Max Fried's no-hit bid ended by official scorer's change in Yankees' shutout of Rays

Yankees starting pitcher Max Fried throws to home plate during the first inning of a baseball game against the Tampa Bay Rays, Sunday, April, 20, 2025, in Tampa, Fla. Credit: AP/Phelan M. Ebenhack
TAMPA, Fla. — Well, that was something.
The whole afternoon, in fact.
Max Fried held the Rays hitless for seven innings at Steinbrenner Field on Sunday afternoon, but as the lefthander warmed up before the bottom of the eighth, official scorer Bill Mathews retroactively awarded a hit to Chandler Simpson, who reached first with one out in the sixth on a hard one-hopper that first baseman Paul Goldschmidt failed to handle.
Mathews, who has been scoring Rays games at Tropicana Field for nearly two decades, announced that after viewing several replays, it was “very apparent” that Simpson would have beaten either Goldschmidt or Fried to the bag.
In real time, that was very apparent to pretty much everyone. The final verdict was hard to argue with, given that Simpson, a prospect called up Friday, stole 104 bases in Triple-A last season.
Coincidentally or not, Jake Mangum led off the eighth by stroking a line-drive single to center, to a degree making the scoring change a moot point.
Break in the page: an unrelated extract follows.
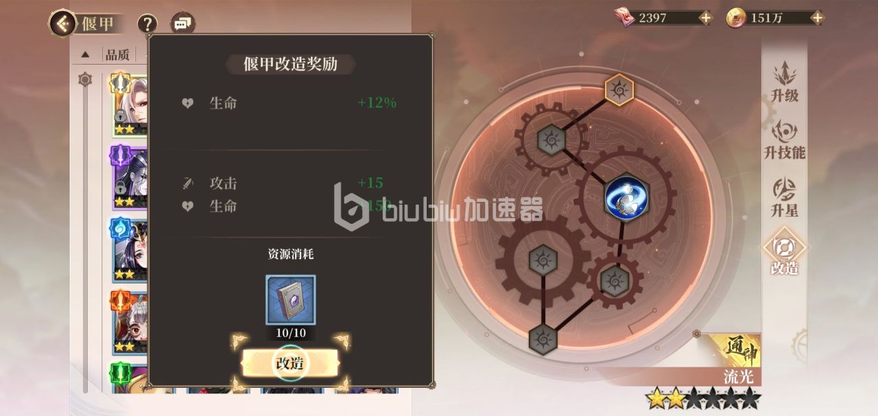 升级技能在“升技能”界面操作,只有两个方法:一是使用相同的偃甲,二是使用“黑阿往”,每个材料只能升1级技能,而且难点在于技能加点是随机的,不是指定的。

Fried wound up departing after allowing two hits and two walks in 7 2/3 innings, a brilliant performance in the Yankees’ 4-0 victory at their spring training home, where they ended up taking three of four.
No one in the Yankees' clubhouse made a big deal of the scoring change afterward, starting with Fried and including manager Aaron Boone, who had been ejected for the first time this season in the top of the eighth.
“Look, we’re not going to beat him [Simpson] to the bag, so I get it,” Boone said. “It makes it a little bit dicey when it’s [two innings later], but the reality is, it was a hit.”
Fried said he wasn’t aware that the Simpson play ultimately was scored a hit until after he was taken out, but he didn’t think much of it.
“It is what it is,” he said. “I’m just happy we got the win . . . He’s obviously extremely fast. I just know he was on first base. It doesn’t matter to me whether it’s a hit or an error.”
Fried’s efforts, which helped him improve to 4-0 with a 1.42 ERA, highlighted what overall was a bizarre afternoon.
Boone, who led or was tied for the American League lead in ejections the previous four seasons, was run by plate umpire Adam Beck after disputing a called third strike on Aaron Judge leading off the top of the eighth. But the subject of Boone’s ire really was third-base umpire Scott Barry, who had called Judge's apparent home run to leftfield a foul ball one pitch earlier,
Boone and his dugout were sure the drive, which left the stadium by a mile and sailed well over the foul pole, was fair. The Yankees challenged the call and it was upheld.
“The audacity of the call standing is remarkable,” said Boone, who visited the Yankees' video room moments before meeting with reporters. “It’s a home run.”
Boone, who said he thought Beck “overall” did a good job, still was angry about Barry missing what would have been Judge’s eighth homer.
“The third baseman [Junior Caminero], the third-base coach [Luis Rojas], our replay knew. Judge knew,” Boone said.
Said Judge: “Yeah, it was a fair ball. But that’s why we’ve got replay. It’s not on the umpires, it’s tough in a situation like this where we’re at a minor-league park, the foul poles aren’t as high. That’s why you have replay; they have every angle. But that’s a fair ball.”
The Yankees (14-8) outhit the Rays 9-2, getting home runs from Trent Grisham, Cody Bellinger and Austin Wells.
Three pitches into the afternoon, the Yankees had the lead, not a huge surprise in that they entered the day collectively slashing .301/.408/.542 out of the leadoff spot.
The, um, leading man on this day was Grisham, who blasted a 2-and-0, 94-mph fastball to rightfield for his sixth homer. He also made a terrific defensive play in the fifth, tracking down a wind-blown drive into the gap in right-center by Mangum, making a tumbling catch and turning it into an inning-ending double play.
Second baseman Jazz Chisholm Jr. kept the no-hitter — at the time, anyway — intact in the seventh when he somehow tracked down a flare off the bat of Christopher Morel and made a diving backhand catch in shallow left-center. Fried also picked off Morel at second to end the fourth.
“It was a pretty crazy series,” said Bellinger, whose homer leading off the sixth made it 3-0. “We’re playing really good as a team right now. It’s just fun to be a part of.”